March 1st, 2013 by Peter Scott
My second presentation at this year’s RMOUG Training Days was on tuning “realtime data warehouses”; as usual, this paper is now on the Rittman Mead Articles page. Perhaps more accurately my talk was more about my tuning philosophy rather than a cookbook of tuning “rules” to give optimal performance. I don’t think there is a single recipe for guaranteed tuning success; the best we can come up with is set of principles for getting things as right as possible and to keep in our heads that each system has its own unique combinations of hardware, software and data and this interaction modifies the steps we should evaluate in our tuning process. The sub-title of my talk came from an early slide: “Making the Arrow as short as possible”

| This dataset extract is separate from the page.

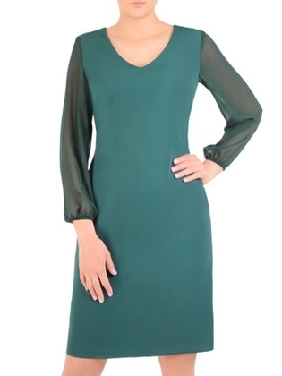 Zielona sukienka z modnymi, wyszczuplającymi zakładkami 24577

Another name for this arrow is “latency”, the thing that stops “realtime” from actually being “same time”. We will never have no arrow as the act of observing the event at source and reacting to output at target will always add some amount of delay to the data flow. I discussed this in a paper for the Evaluation Centre.
Rather than present my RMOUG talk here I will take a step back and write about how I go about improving performance in a data warehouse ETL.
Firstly, if we set out to improve performance we need to measure it, or else how can we be confident that we have “improved” things. This measurement can be as crude as clock time to run an ETL step, a throughput measure such as rows inserted per minute or we can really delve into performance and look fine detail such as number and type of database waits. I tend to start with coarse measurements. I do this for two simple reasons: execution time or throughput is often the business visible metric that is the basis of the problem perceived by the customer; and, from my experience of many data warehouses, the code as implemented may not be doing what the designers wanted, and there is little merit in tuning a process to do the “wrong thing” more quickly. I therefore take as my starting point what the business wants to achieve in the ETL step and not the query being run. Here I see four kinds of problems:
- The code used does not answer the business requirement.
- The query has a flaw that causes it to process too much data.
- The code uses inappropriate techniques.
- The process has redundant steps.
Fortunately, the first cause is rare, probably because it is usually spotted and resolved long before moving from developement to to production. Processing too much data should be easy to detect if the ETL process is adequately instrumented; If a business has 4000 customers who each make two transactions a day and if we are loading 14 million customer transactions per day there is something very wrong in the process. Just doing simple calculations of expected data volume and comparing that with actual loads can readily spot this type of thing – we can then dive down to isolate the cause, which is often incorrect joins or a missing source data filter. As I found at one customer site, it is quite possible to load far too much data without affecting the values reported in the user query tools; ETL logic flaws do not always lead to obvious data aggregation problems.
Too many times I have seen code created by developers that have insufficient understanding of what a relational database can do or what a particular vendor’s database can do. I have seen people calculating the first of the month by taking the date, converting it to a string, then concatenate the “month and year” substring on to the literal “01 before converting it back to a date” because they don’t know you can do this in a single function (TRUNC) in Oracle . I have seen developers re-inventing database joins as procedural steps (often they hand code nested loops!) rather than letting the database do it. I have seen others look for change in a row by computing the MD5 hash of the concatenated columns of the new row and comparing it to the previous MD5 hash for the original row. Don’t get me wrong, MD5 hashing can work but it is so compute intensive that it can starve the database of vital CPU resource; For change detection I much prefer to use the mainstays of set based ETL: MINUS operators or simple outer joins between new and old data and looking for inequality between columns.
Once I am sure I am looking at the right problem I can go about optimising performance. I tend to start with OEM12c and the SQL Monitoring reports or good old fashioned EXPLAIN. Just getting the cardinalities right can help the CBO to do wonders. But accurate CBO costings are not always the solution, it is this stage that I start to look at the more physical aspects of design such as partitioning, parallel (assuming these are licensed), memory, concurrent activity, indexing and the way the tables are defined. More on this in another blog.